Exercise brief:
Exact copies of all the lines below are needed, without the pictures.

Data block:
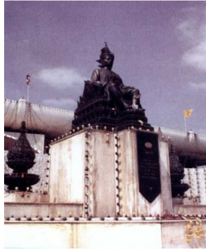
Das Standbild des Königs Prajadhipok

Das Standbild des Königs Prajadhipok ist vor dem ersten parlamentarischen Gebäude aufgebaut. Der König Prajadhipok, der Barmherzigkeit durch das Opfern seiner Macht zeigte, lässt das Land zur verfassungsmäßigen demokratischen Form von Regierung übergehen.
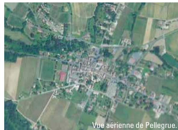
Vue aérienne de Pellegrue.

Alors que dans l'imaginaire français le village occupe une place de prédilection, une petite musique annonce régulièrement son déclin inéluctable : en surnombre, minuscule, vieillissant, isolé.

Final answer:
Das Standbild des Königs Prajadhipok

Das Standbild des Königs Prajadhipok ist vor dem ersten parlamentarischen Gebäude aufgebaut. Der König Prajadhipok, der Barmherzigkeit durch das Opfern seiner Macht zeigte, lässt das Land zur verfassungsmäßigen demokratischen Form von Regierung übergehen.
Vue aérienne de Pellegrue.

Alors que dans l'imaginaire français le village occupe une place de prédilection, une petite musique annonce régulièrement son déclin inéluctable : en surnombre, minuscule, vieillissant, isolé.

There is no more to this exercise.